= Ruda Landman =

South African journalist, television presenter and author

Ruda Landman (née Wahl; born 18 November 1953) is a South African television presenter and investigative journalist. She is best known for her long tenure as co-anchor of Carte Blanche.

== Early life and education ==
Landman was born on 18 November 1953 in Hartswater, Northern Cape, South Africa. She grew up in Hartswater and Keimoes. She studied languages at the University of Stellenbosch.

== Career ==
=== Journalism and early media work ===
Landman began her career in journalism at the newspaper Die Burger. She later worked in radio and for magazines, including Sarie.

=== Carte Blanche ===
In August 1988, Landman became one of the original co-anchors of Carte Blanche, the South African investigative journalism and current affairs programme on M-Net. She co-hosted alongside Derek Watts. She remained with the programme until mid-2007, when she stepped down after nearly 19 years. In 2018, she returned as a guest presenter for the show's 30th anniversary.

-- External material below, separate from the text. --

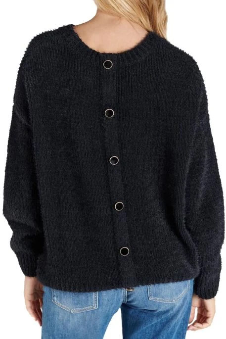 Découvrez le pull Daisy de Temps des Cerises, pull avec coupe loose, boutons noirs et dorés qui parcourent toute la longueur du dos, pull en maille douce agréable à porter.

=== Other media and writing ===
Landman has published books including Off Camera – The stories behind Carte Blanche (2003) and Weerskante van die lens. After leaving Carte Blanche, she continued to work as an author, presenter, journalism lecturer, and public speaker. She has hosted podcasts such as Change Matters with Ruda Landman and When Change Happens, co-hosted with Frank Magwegwe.

== Awards and recognition ==
In 2011, Stellenbosch University awarded Landman an honorary doctorate for her contribution to journalism.

== Personal life ==
Landman married political and economic analyst J. P. Landman in 1977. They have one son, Johannes. She lives in Johannesburg.

== Legacy ==
Landman is regarded as one of South Africa’s leading investigative journalists due to her long association with Carte Blanche.